In my group at The Weather Company, speed is of the utmost importance. We serve traders in the energy markets, so getting our customers weather data faster enables them to in turn make decisions faster than their competitors on the trade floor.
One of our major products is plotting weather model data on maps from all the major global weather models. One of these is the Global Forecasting System (or GFS) model, run by the National Centers for Environmental Prediction (NCEP) within the United States government. NCEP offers GFS model data for download in a handful of different spatial resolutions. As a result of the speed requirements in our products, our site offers graphics produced with the lowest (that is, coarsest) resolution data since that data will be available and process significantly faster than the full resolution data. We also produce maps made with this full resolution data, though, so that clients can see the finer details of this weather model output.
This background sets the stage for a situation I was tasked to explain earlier today. Hurricane Matthew is currently churning in the middle of the Caribbean Sea and is expected to make impact as a major hurricane to Jamaica and Cuba in a few days. I was asked about a situation where our graphics seemed to be showing two different centers to the Hurricane as it approached southeastern Cuba depending on the resolution used:
These graphics shade 1000-500mb Thickness values and contour Mean Sea Level Pressure (specifically at Forecast Hour 84 of Friday's 1200z run). You can see the lowest pressure of Hurricane Matthew is much more centered among the concentric isobars surrounding and is located just northwest of the eastern shore of Jamaica in the high resolution data, while the lowest pressure is much more "off center" and almost the entire length of Jamaica (about 200km) to the west in the low-resolution data.
My first thought when analyzing why there might be a difference in the plots was that we were plotting Mean Sea Level Pressure. MSLP is a derived field that corrects for terrain when measuring atmospheric pressure. Air pressure decreases as height increases (due to gravity), so the surface pressure at the top of a 6000 foot mountain will be significantly lower than the surface pressure along the ocean shore. By reducing surface pressure to MSLP, meteorologists can compare pressure readings anywhere on earth.

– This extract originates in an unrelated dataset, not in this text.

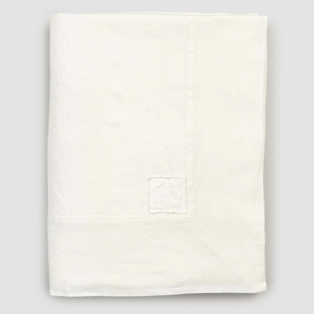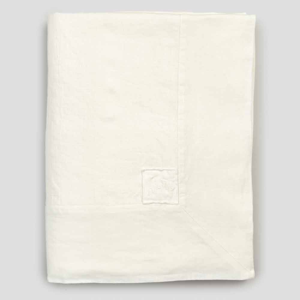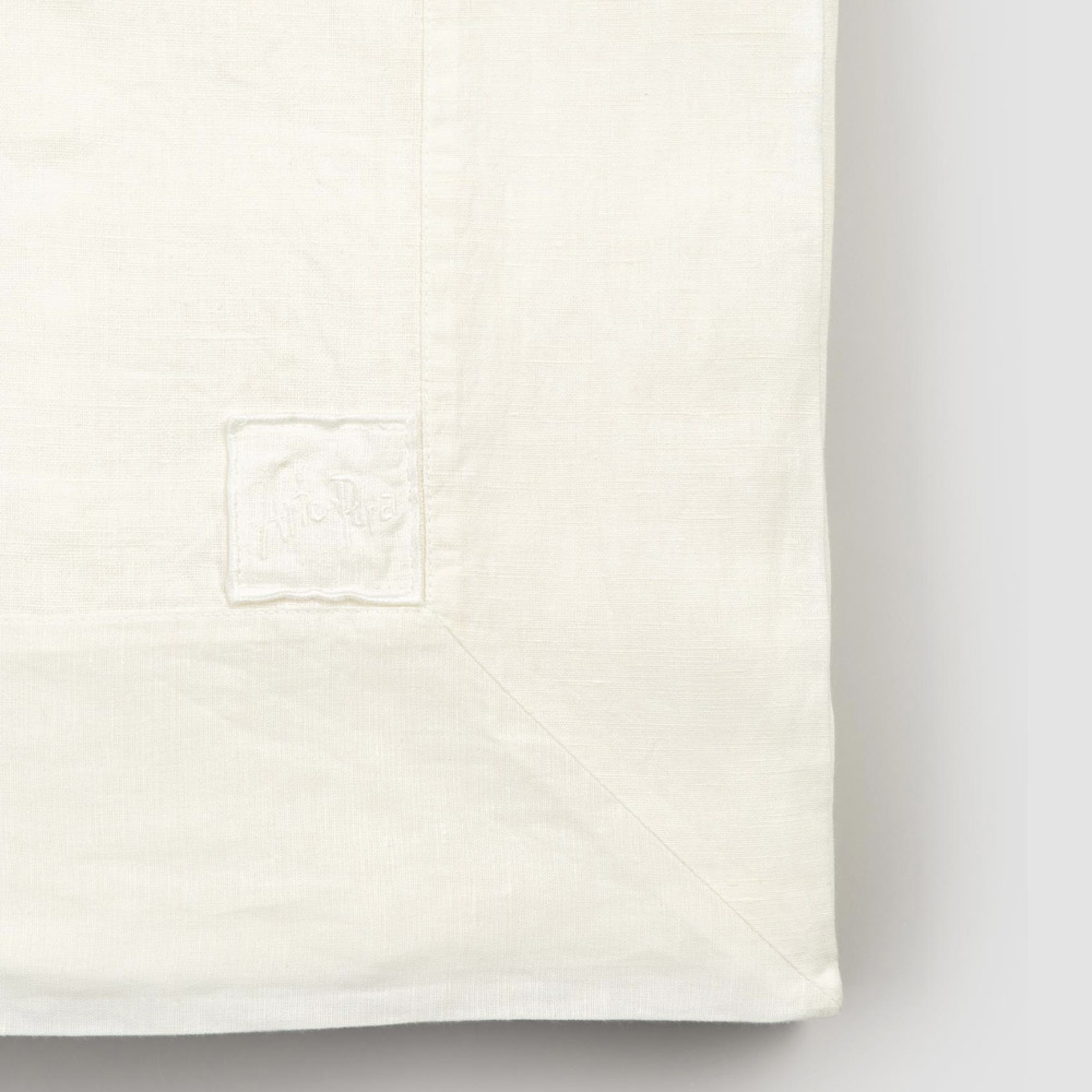 Rectangular tablecloth in natural white linen with framed edges, luxury handcrafted design made in Italy.

As it turns out, the reduction of surface pressure to MSLP was significant in the difference between the graphics, but indirectly, as the source grid (raw surface pressure) had significant differences between resolutions to begin with.
Below are the surface pressure fields (in hPa) from the 0.25° GRIB data (first image) and the 2.5° GRIB file (second image)
Many more contours (isobars) are present on the 0.25° image. On that image, you can see concentric circles of surface pressure isobars located over the water between Jamaica and Cuba that represents the center of Hurricane Matthew. However you also see even lower pressure in a tight gradient right along the southern coast of Cuba, and also towards the center of Jamaica. Why is that? Those "low pressure" minimums are due to topography.
As seen in this Google Maps topographic map, there are steep mountains right along the coast, the same spots where the lowest surface pressures were modeled. (Many of the peaks along that mountain ridge are 4000+ feet in elevation, or >1200 meters.) At a high resolution, where grid points are only 0.25° longitude (~28km) across, there's plenty of grid points to represent both this change in elevation and the tropical system offshore. On a 2.5 degree grid (where each grid point is ~275km wide and 275km tall), there are many fewer grid points that cover the same geographic area. As we see here, because of how tall the terrain is in southern Cuba, it actually has a dominating effect on the surface pressure field, so you end up with a stretched minimum isobar that essentially encircles the mountain range, while the tropical cyclone is essentially reduced to nothing.
As expected, when you then apply the reduction to mean sea level pressure, the high resolution MSLP data (first image below) neatly accounts for the terrain and forms concentric isobars only around Matthew. Meanwhile, while there is some correction to account for elevation when the low-resolution MSLP field is calculated, it is still significantly stretched and the lowest mean sea level pressure value is found around the single center of lowest surface pressure, which is not aligned with the center of Hurricane Matthew at all.
(In these plots, colored contours are again surface pressure, while the black contours are MSLP, both in hPa)
Hopefully this article may help you to understand the difference between surface pressure and Mean Sea Level Pressure, and some of the pitfalls that may arise when viewing or visualizing model data. It was an interesting and deeply analytical problem that had me snugly wearing my "meteorologist hat" this afternoon.